• Activity: Give the lines again exactly as they appear below, from the line with "2PCS EFFECTIVE RAZOR" to the line with "IOT设备漏洞数量TOP厂商排名(来源:CNVD)", both included, and only those lines. Leave every picture out.

• Information supplied:
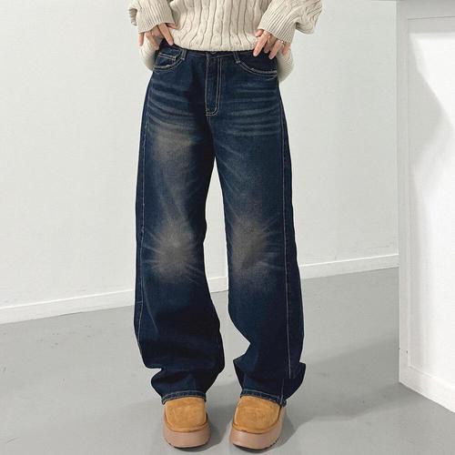 [다잇템][다잇템] 여성 속밴딩 코튼 빅사이즈 워싱 넓은 데님팬츠 가을용_23372643_588872
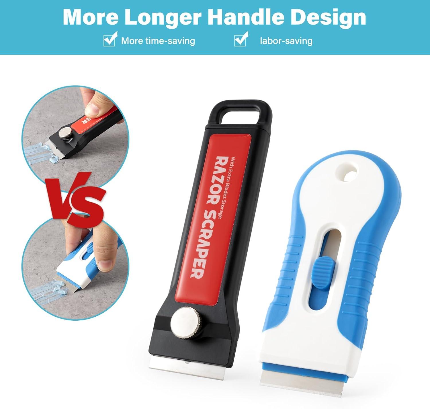 2PCS EFFECTIVE RAZOR SCRAPER TOOL: This 4″ wide flat razor scraper can clean a larger area than other mini razors. The ergonomic handle makes cleaning more labor-saving and efficient
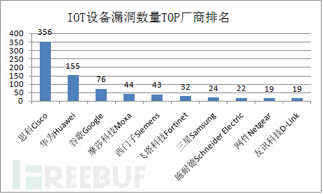 IOT设备漏洞数量TOP厂商排名(来源:CNVD)
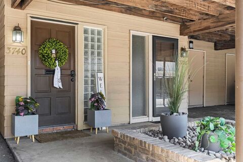 Discover this light, bright, and open 2-bedroom condo with a study nestled in the heart of Addison, just a short walk to the scenic trails and vibrant events of Vitruvian Park and within quick reach of the recreational amenities at the Addison Athletic Club. Enjoy close proximity to pickleball courts, basketball courts, walking paths, and the dining and entertainment of Addison Circle, with the prestigious Brookhaven Country Club just minutes away. The condo features covered parking with an attached storage area directly in front of the unit for added convenience. Inside, a welcoming entryway opens to a spacious living room highlighted by a cozy fireplace, built-ins, and wood-look tile flooring throughout the main level. The updated kitchen is a standout, complete with a gas range, quartz-topped island with eat-at bar, and ample cabinetry, perfect for cooking and entertaining. A dedicated laundry room, generous walk-in closets, and fresh 2025 interior paint enhance everyday comfort. Th

• Solution to the problem:
 2PCS EFFECTIVE RAZOR SCRAPER TOOL: This 4″ wide flat razor scraper can clean a larger area than other mini razors. The ergonomic handle makes cleaning more labor-saving and efficient
 IOT设备漏洞数量TOP厂商排名(来源:CNVD)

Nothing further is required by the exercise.